What you have to do :: The required output is the exact run of lines in the listing below from the line holding "Panneau d'interdiction bilingue" through the line holding "В личном кабинете", with no pictures.

Data to examine ::
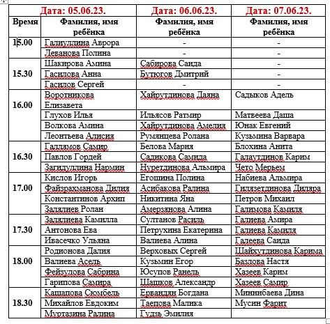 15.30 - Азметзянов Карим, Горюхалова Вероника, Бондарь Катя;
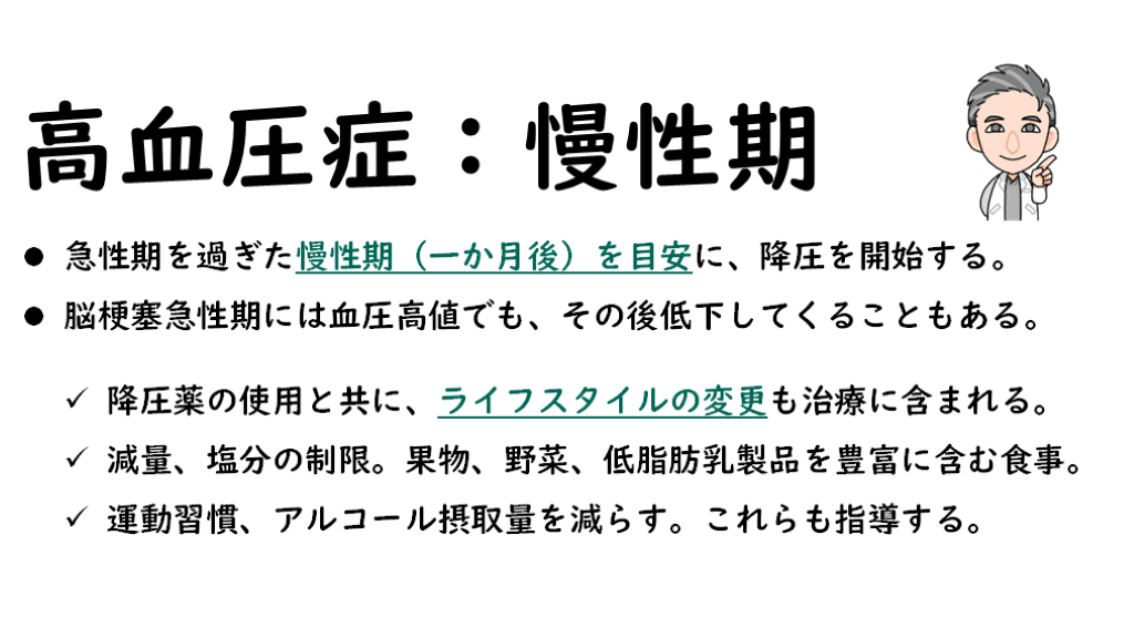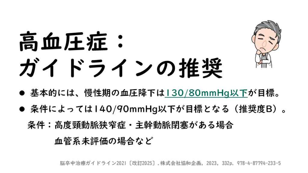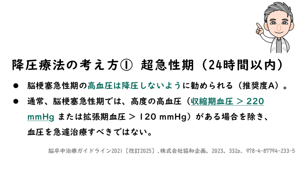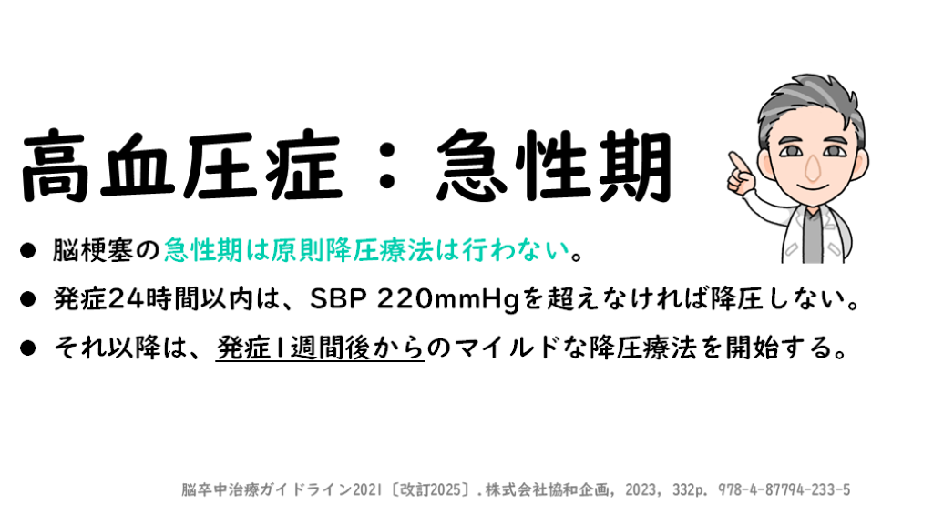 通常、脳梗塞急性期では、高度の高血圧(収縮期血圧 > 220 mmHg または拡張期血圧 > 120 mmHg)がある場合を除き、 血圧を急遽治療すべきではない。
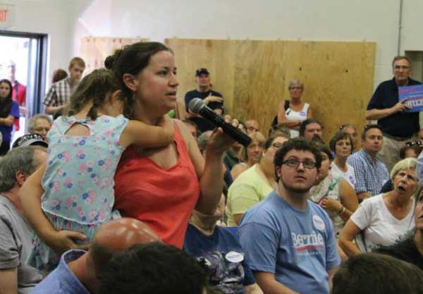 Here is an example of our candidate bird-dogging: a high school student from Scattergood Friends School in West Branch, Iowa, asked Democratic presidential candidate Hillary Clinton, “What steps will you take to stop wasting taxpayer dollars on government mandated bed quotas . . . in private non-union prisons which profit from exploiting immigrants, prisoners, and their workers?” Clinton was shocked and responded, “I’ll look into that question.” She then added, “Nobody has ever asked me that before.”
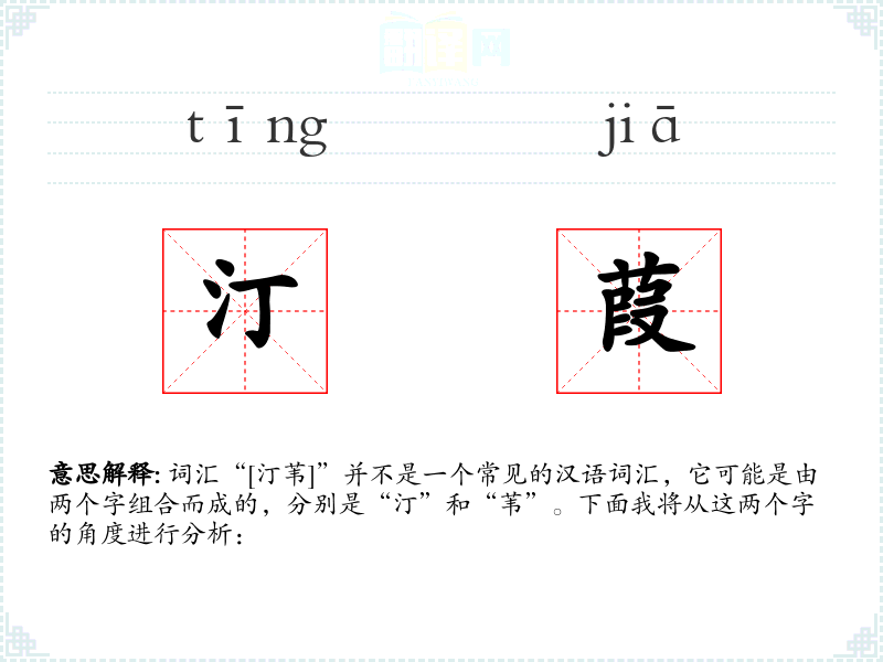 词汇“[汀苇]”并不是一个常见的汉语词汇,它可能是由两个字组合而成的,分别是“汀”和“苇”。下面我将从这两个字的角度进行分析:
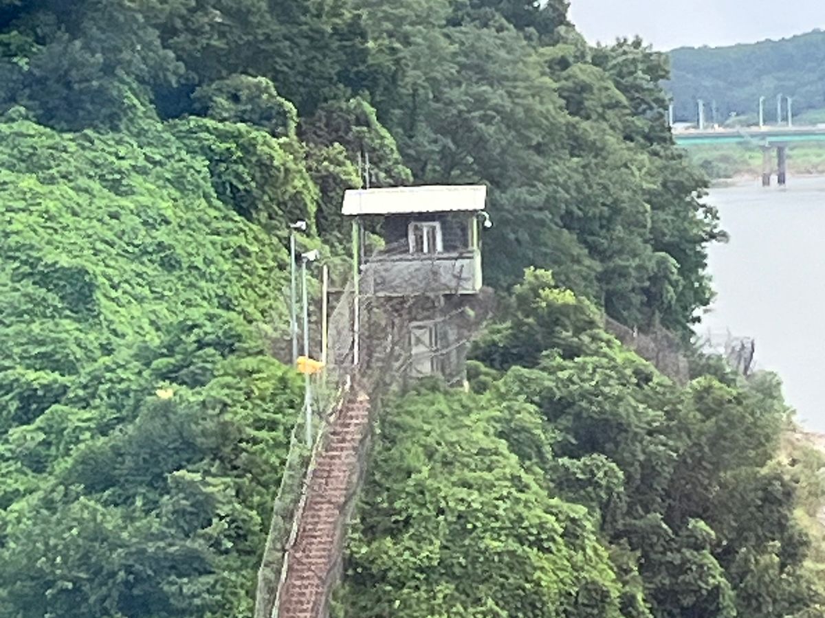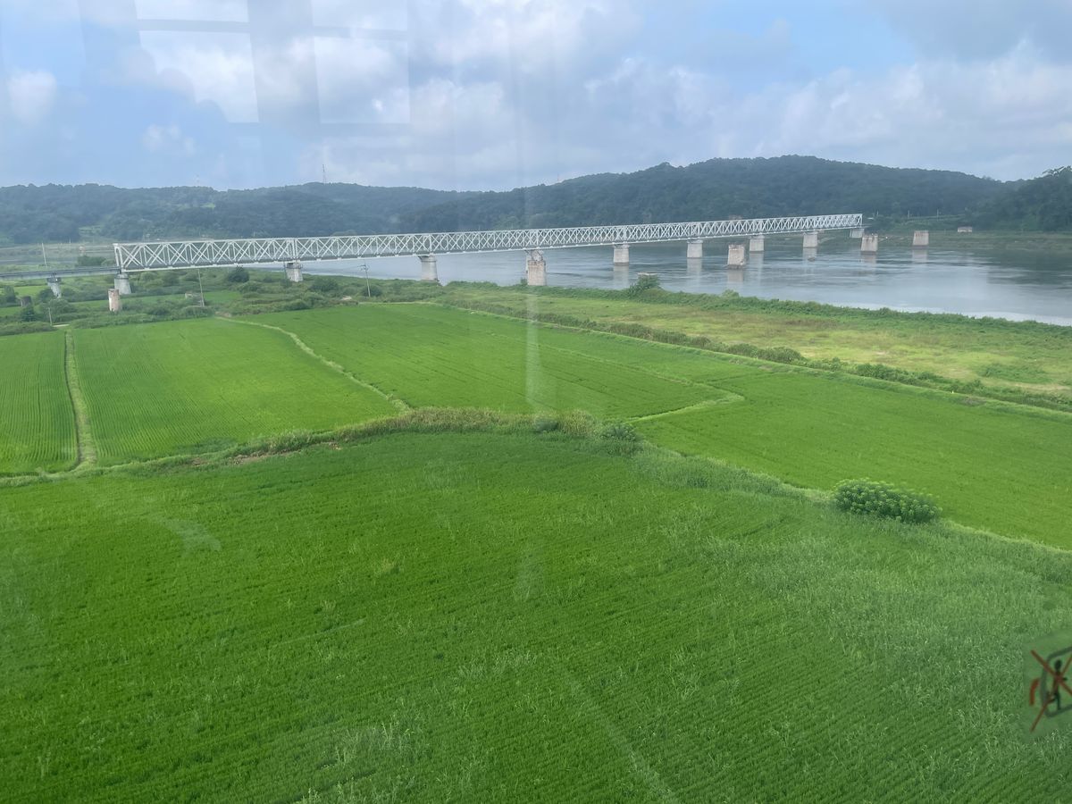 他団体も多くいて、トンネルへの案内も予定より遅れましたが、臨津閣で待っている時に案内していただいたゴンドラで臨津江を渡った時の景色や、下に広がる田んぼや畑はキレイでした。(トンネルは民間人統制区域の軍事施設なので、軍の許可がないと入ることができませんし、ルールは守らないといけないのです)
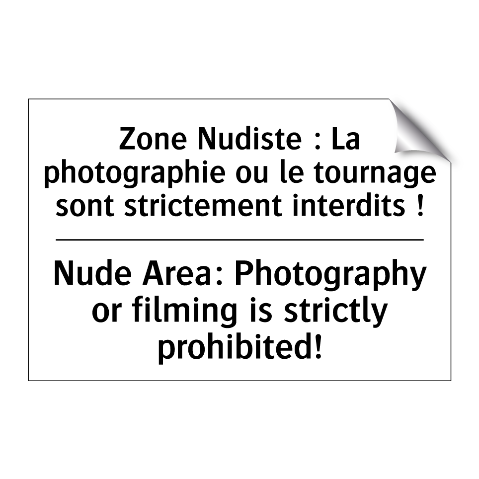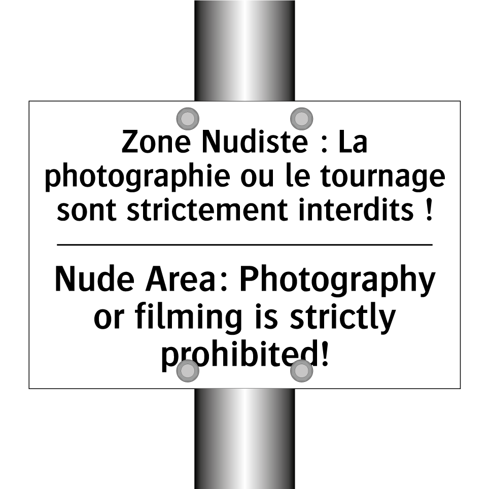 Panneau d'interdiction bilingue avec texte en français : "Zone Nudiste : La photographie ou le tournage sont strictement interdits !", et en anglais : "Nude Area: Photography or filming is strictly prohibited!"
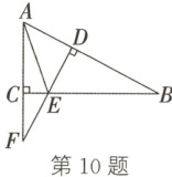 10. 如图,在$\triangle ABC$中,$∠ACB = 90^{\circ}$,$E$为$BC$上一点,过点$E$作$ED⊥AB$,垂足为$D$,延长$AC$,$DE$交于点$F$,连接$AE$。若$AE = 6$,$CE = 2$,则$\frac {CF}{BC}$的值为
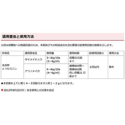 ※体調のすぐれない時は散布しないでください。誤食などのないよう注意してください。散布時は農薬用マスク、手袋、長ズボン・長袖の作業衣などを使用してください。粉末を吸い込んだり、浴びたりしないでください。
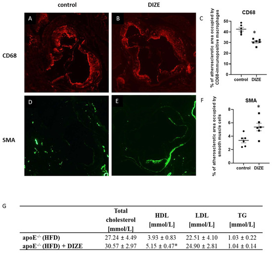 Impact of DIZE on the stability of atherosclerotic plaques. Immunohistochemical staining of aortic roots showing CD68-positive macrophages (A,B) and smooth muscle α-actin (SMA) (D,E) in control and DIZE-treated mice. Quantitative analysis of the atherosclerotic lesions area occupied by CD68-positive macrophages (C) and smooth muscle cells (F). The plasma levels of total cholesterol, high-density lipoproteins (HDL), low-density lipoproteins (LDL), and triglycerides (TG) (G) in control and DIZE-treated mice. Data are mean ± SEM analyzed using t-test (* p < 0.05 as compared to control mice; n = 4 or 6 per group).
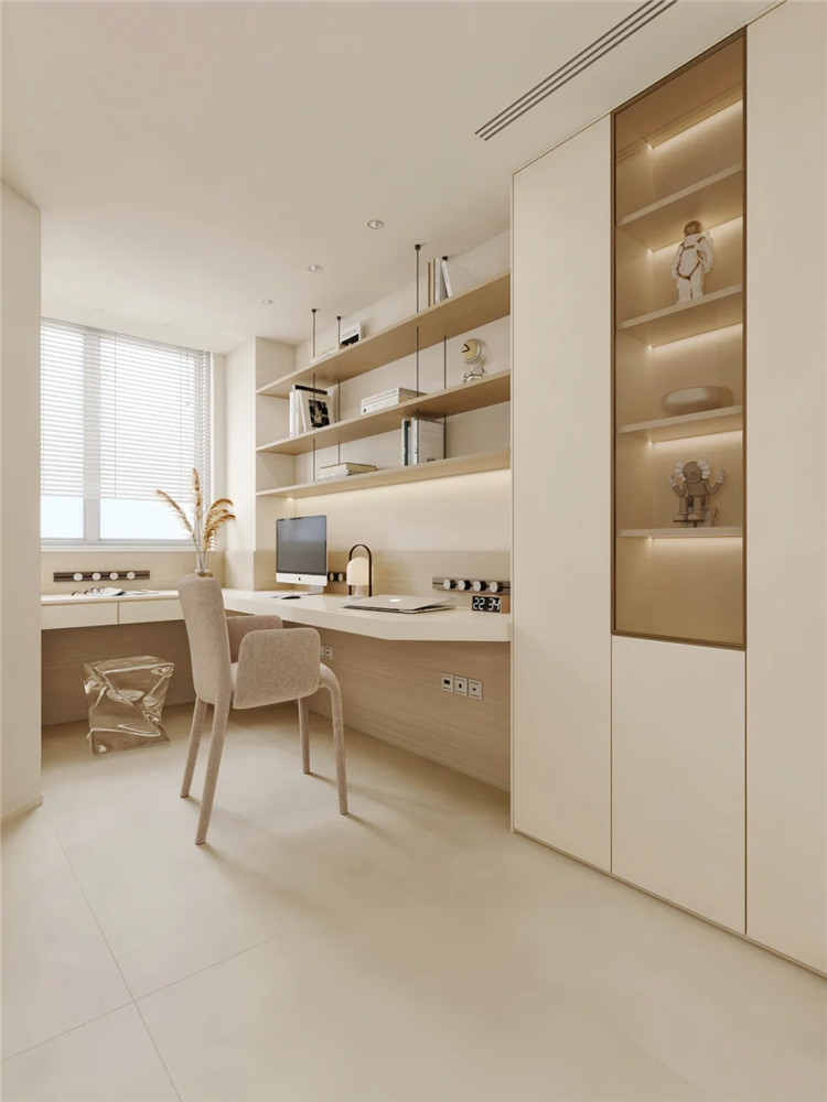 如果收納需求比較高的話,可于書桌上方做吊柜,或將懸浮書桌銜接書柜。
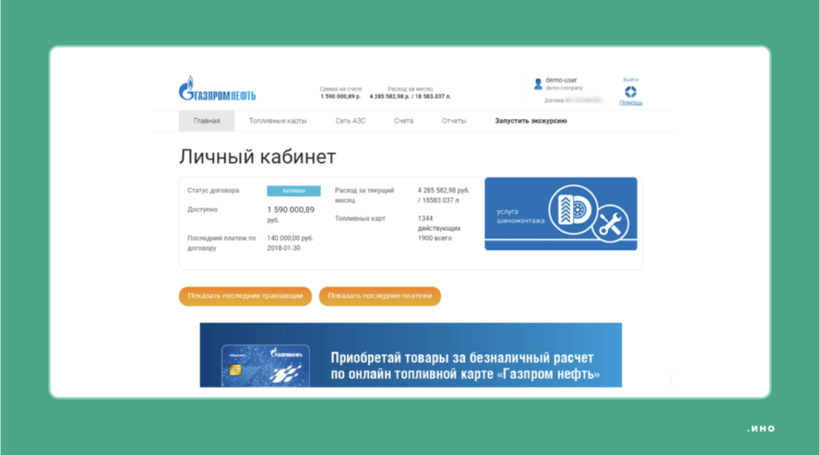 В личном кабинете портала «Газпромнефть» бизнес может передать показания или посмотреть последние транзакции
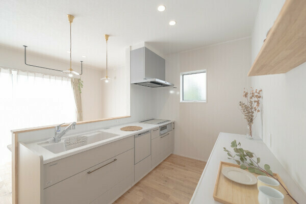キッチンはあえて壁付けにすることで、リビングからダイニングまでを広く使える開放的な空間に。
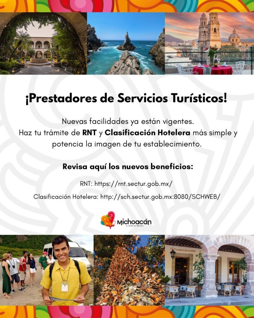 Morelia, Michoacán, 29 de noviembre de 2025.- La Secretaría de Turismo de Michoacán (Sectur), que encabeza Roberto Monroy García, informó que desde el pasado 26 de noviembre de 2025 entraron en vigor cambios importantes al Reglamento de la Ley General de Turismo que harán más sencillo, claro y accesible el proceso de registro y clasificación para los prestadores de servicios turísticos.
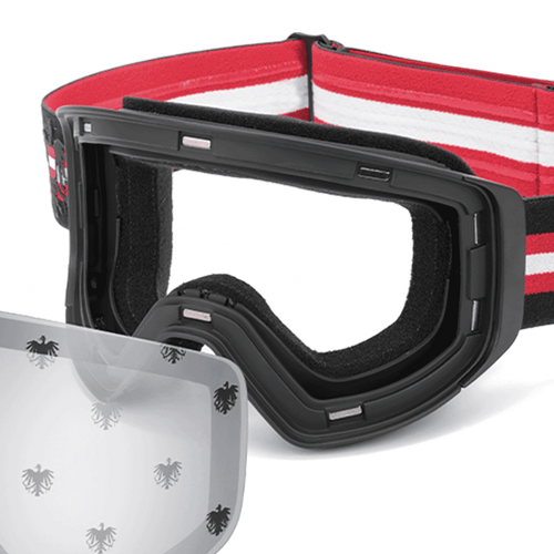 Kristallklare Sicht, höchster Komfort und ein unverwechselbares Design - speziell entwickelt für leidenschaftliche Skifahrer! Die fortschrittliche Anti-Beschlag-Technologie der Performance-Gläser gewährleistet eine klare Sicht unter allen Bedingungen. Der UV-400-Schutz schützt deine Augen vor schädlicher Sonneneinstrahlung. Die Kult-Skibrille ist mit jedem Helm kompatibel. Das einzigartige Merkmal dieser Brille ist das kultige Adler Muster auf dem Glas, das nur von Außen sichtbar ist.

Solution ::
 Panneau d'interdiction bilingue avec texte en français : "Zone Nudiste : La photographie ou le tournage sont strictement interdits !", et en anglais : "Nude Area: Photography or filming is strictly prohibited!"
 10. 如图,在$\triangle ABC$中,$∠ACB = 90^{\circ}$,$E$为$BC$上一点,过点$E$作$ED⊥AB$,垂足为$D$,延长$AC$,$DE$交于点$F$,连接$AE$。若$AE = 6$,$CE = 2$,则$\frac {CF}{BC}$的值为
 ※体調のすぐれない時は散布しないでください。誤食などのないよう注意してください。散布時は農薬用マスク、手袋、長ズボン・長袖の作業衣などを使用してください。粉末を吸い込んだり、浴びたりしないでください。
 Impact of DIZE on the stability of atherosclerotic plaques. Immunohistochemical staining of aortic roots showing CD68-positive macrophages (A,B) and smooth muscle α-actin (SMA) (D,E) in control and DIZE-treated mice. Quantitative analysis of the atherosclerotic lesions area occupied by CD68-positive macrophages (C) and smooth muscle cells (F). The plasma levels of total cholesterol, high-density lipoproteins (HDL), low-density lipoproteins (LDL), and triglycerides (TG) (G) in control and DIZE-treated mice. Data are mean ± SEM analyzed using t-test (* p < 0.05 as compared to control mice; n = 4 or 6 per group).
 如果收納需求比較高的話,可于書桌上方做吊柜,或將懸浮書桌銜接書柜。
 В личном кабинете портала «Газпромнефть» бизнес может передать показания или посмотреть последние транзакции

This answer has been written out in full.